Mensen zijn niets anders dan monsters
Na de ‘Touching Juliette’-serie slaat Tahereh Mafi een andere weg in: ‘De wereld om me heen was wreed, racistisch en vol vreemdelingenhaat, en mensen hadden al zo vaak mijn hart gebroken dat ik rond mijn zestiende verjaardag niet langer de woorden kon vinden om mijn woede mee uit te drukken.’ Een bijna eindeloze afstand is een poging deze woede in woorden te vangen. Het leven van Shirin is fictie, maar rees op uit een samensmelting van echte ervaringen. En daarmee ligt de eerste steen op je maag. Hoewel je hoopt dat Een bijna eindeloze afstand fictief is, weet je beter. Mafi laat de monsterlijke kant van de mens op pijnlijke wijze zien.

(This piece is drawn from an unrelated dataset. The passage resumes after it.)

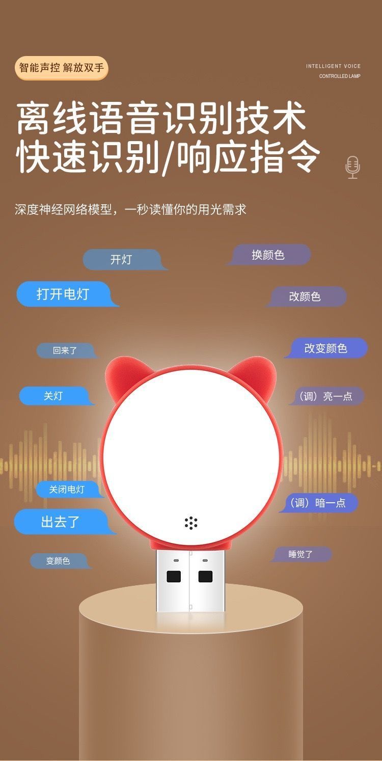 음성 제어 야간 조명 USB 플래시 다채로운 야간 조명 귀여운 고양이 조명 제어 크리 에이 티브 미니 휴대용 LED 조명 부드러운 빛 눈 보호

Shirin start na een zoveelste verhuizing opnieuw op een middelbare school. Haar leven als Perzische is nooit gemakkelijk geweest, maar na de gebeurtenissen van 9/11 is haar leven een regelrechte ramp. Alleen het feit dat ze een hijab draagt is al voldoende voor haat en razernij; men ziet haar als terrorist. Hopeloos alleen ziet ze slechts één kans te overleven: een verbitterde Shirin die zich volledig afsluit van alles en iedereen in de wereld ontwaakt.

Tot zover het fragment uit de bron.